### WORK REQUIRED
Output the data in full. Keep every word exact and exclude the pictures.

### SOURCE MATERIAL
● ● ●
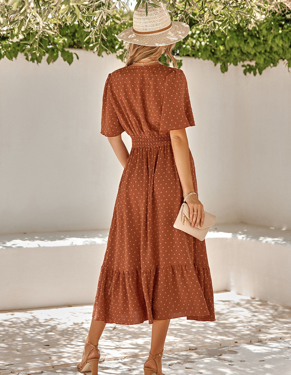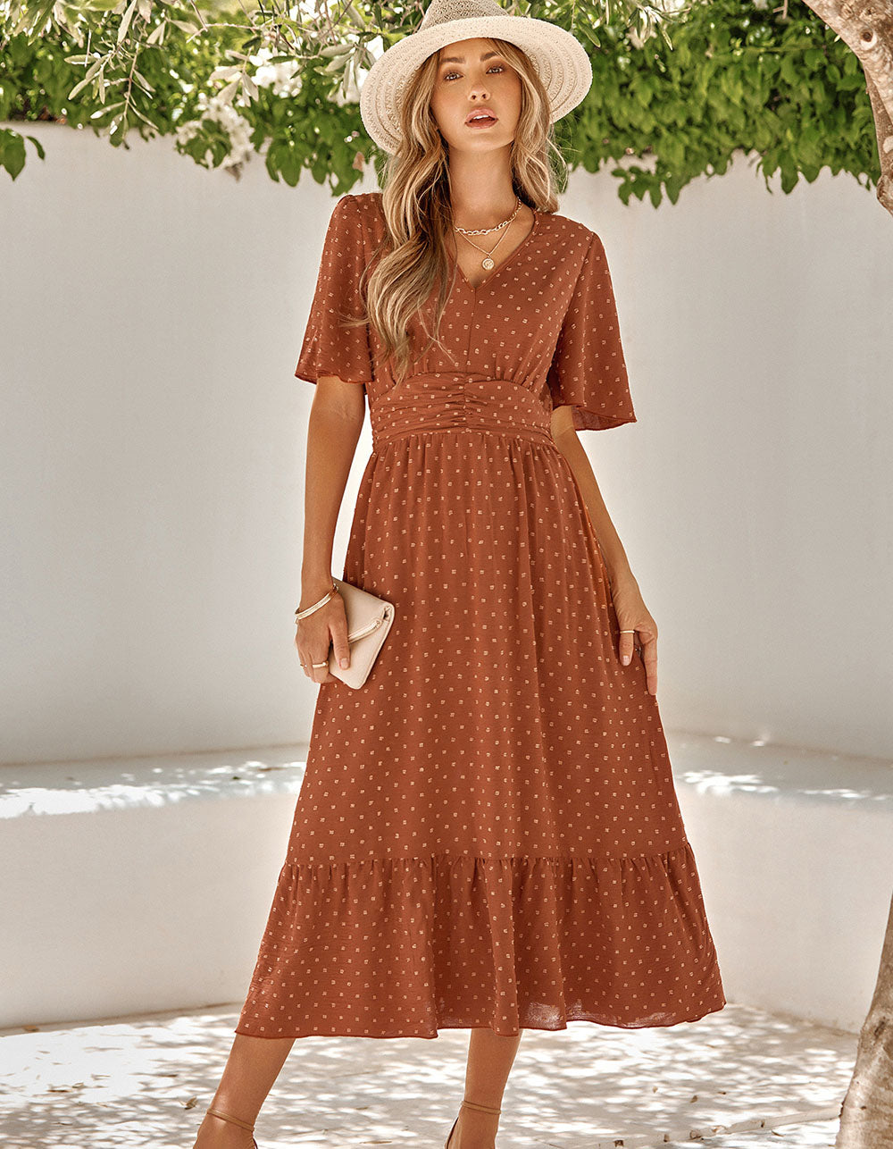 This stylish A-Line dress features a flattering V-neckline, short flounce sleeve and an elegant mid-waist silhouette, crafted from a lightweight yet durable polyester fabric. The dress is adorned with pleated ruffle detailing and comes in almond, green, and red color options. Perfect for both casual and formal occasions.
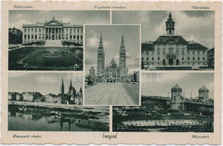 22000. tétel:1943 Szigetvár, Rákóczi utca, vár, Római katolikus templom, Városháza, Hősök szobra, Kossuth tér
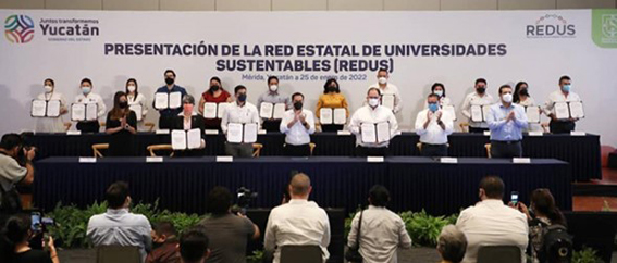 El compromiso de la Universidad con la sustentabilidad también se manifiesta en la participación del Campus en la Red Estatal de Universidades Sustentables, un grupo de quince Instituciones de Educación Superior convocadas por el Gobierno del Estado de Yucatán, quienes se comprometen a realizar acciones de sustentabilidad en 6 rubros, a saber: 1. Energía Asequible 2. Manejo y uso de los recursos 3. Infraestructura bioclimática 4. Compras sustentables 5. Innovación y 6. Cultura y consumo sustentable. Se han delineado las primeras acciones con indicadores y parámetros concretos, establecidos por la Dirección de Visión Global y Sustentabilidad del Campus (Figura 2).
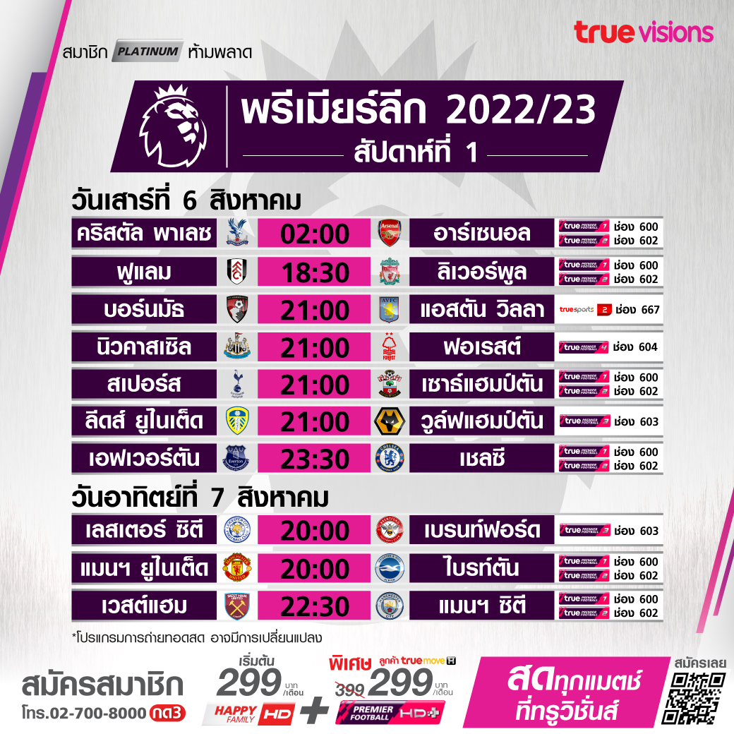 สิงหาคม มาพร้อมกับสุดยอดคอนเทนต์ที่แฟนๆรอคอย นำโดย พรีเมียร์ลีก ลีกสูงสุดของอังกฤษ ฤดูกาล 2022/23 ซึ่งจะเป็นการฉลองครบรอบ 30 ปีที่ก่อตั้งพรีเมียร์ลีกขึ้นมาแทน ดิวิชั่น 1 ทรูวิชั่นส์ โดยช่องทรู พรีเมียร์ฟุตบอล จะถ่ายทอดสดให้แฟนๆ ได้ชมจุใจครบทั้ง 380 นัดตลอดทั้งฤดูกาล จนจบในเดือนพฤษภาคม 2023 โดยจะเปิดฤดูกาลตั้งแต่ 6 สิงหาคมเป็นต้นไป ฤดูกาลล่าสุด แมนเชสเตอร์ ซิตี้ เปิดศึกแย่งแชมป์กับคู่ปรับสำคัญ ลิเวอร์พูลอย่างสนุกสูสี จนไปตัดสินในนัดสุดท้าย ก่อนที่ แมนเชสเตอร์ ซิตี้ จะเป็นฝ่ายคว้าแชมป์ไปครอง ฤดูกาลนี้ คู่เอกยังเป็นคู่เดิม กุนซือทั้ง 2 ทีมคือ เป๊ป กวาร์ดิโอล่า และ เจอร์เก้น คล็อปป์ ทุ่มทุนเสริมทีมให้แข็งแกร่ง เพื่อ ตำแหน่งแชมป์ ส่วนคู่แข่งอย่าง แมนเชสเตอร์ ยูไนเต็ด ,เชลซี ,ท็อตแน่ม ฮ็อทสเปอร์ รวมไปถึง อาร์เซนอล ก็พร้อมสุดๆไม่แพ้กัน ส่วนทีมน้องใหม่ที่เลื่อนชั้นมาในฤดูกาลนี้คือ ฟูแล่ม, บอร์นมัธ และ น็อตทิงแฮม ฟอเรสต์
● ● ●
### RESULT
 This stylish A-Line dress features a flattering V-neckline, short flounce sleeve and an elegant mid-waist silhouette, crafted from a lightweight yet durable polyester fabric. The dress is adorned with pleated ruffle detailing and comes in almond, green, and red color options. Perfect for both casual and formal occasions.
 22000. tétel:1943 Szigetvár, Rákóczi utca, vár, Római katolikus templom, Városháza, Hősök szobra, Kossuth tér
 El compromiso de la Universidad con la sustentabilidad también se manifiesta en la participación del Campus en la Red Estatal de Universidades Sustentables, un grupo de quince Instituciones de Educación Superior convocadas por el Gobierno del Estado de Yucatán, quienes se comprometen a realizar acciones de sustentabilidad en 6 rubros, a saber: 1. Energía Asequible 2. Manejo y uso de los recursos 3. Infraestructura bioclimática 4. Compras sustentables 5. Innovación y 6. Cultura y consumo sustentable. Se han delineado las primeras acciones con indicadores y parámetros concretos, establecidos por la Dirección de Visión Global y Sustentabilidad del Campus (Figura 2).
 สิงหาคม มาพร้อมกับสุดยอดคอนเทนต์ที่แฟนๆรอคอย นำโดย พรีเมียร์ลีก ลีกสูงสุดของอังกฤษ ฤดูกาล 2022/23 ซึ่งจะเป็นการฉลองครบรอบ 30 ปีที่ก่อตั้งพรีเมียร์ลีกขึ้นมาแทน ดิวิชั่น 1 ทรูวิชั่นส์ โดยช่องทรู พรีเมียร์ฟุตบอล จะถ่ายทอดสดให้แฟนๆ ได้ชมจุใจครบทั้ง 380 นัดตลอดทั้งฤดูกาล จนจบในเดือนพฤษภาคม 2023 โดยจะเปิดฤดูกาลตั้งแต่ 6 สิงหาคมเป็นต้นไป ฤดูกาลล่าสุด แมนเชสเตอร์ ซิตี้ เปิดศึกแย่งแชมป์กับคู่ปรับสำคัญ ลิเวอร์พูลอย่างสนุกสูสี จนไปตัดสินในนัดสุดท้าย ก่อนที่ แมนเชสเตอร์ ซิตี้ จะเป็นฝ่ายคว้าแชมป์ไปครอง ฤดูกาลนี้ คู่เอกยังเป็นคู่เดิม กุนซือทั้ง 2 ทีมคือ เป๊ป กวาร์ดิโอล่า และ เจอร์เก้น คล็อปป์ ทุ่มทุนเสริมทีมให้แข็งแกร่ง เพื่อ ตำแหน่งแชมป์ ส่วนคู่แข่งอย่าง แมนเชสเตอร์ ยูไนเต็ด ,เชลซี ,ท็อตแน่ม ฮ็อทสเปอร์ รวมไปถึง อาร์เซนอล ก็พร้อมสุดๆไม่แพ้กัน ส่วนทีมน้องใหม่ที่เลื่อนชั้นมาในฤดูกาลนี้คือ ฟูแล่ม, บอร์นมัธ และ น็อตทิงแฮม ฟอเรสต์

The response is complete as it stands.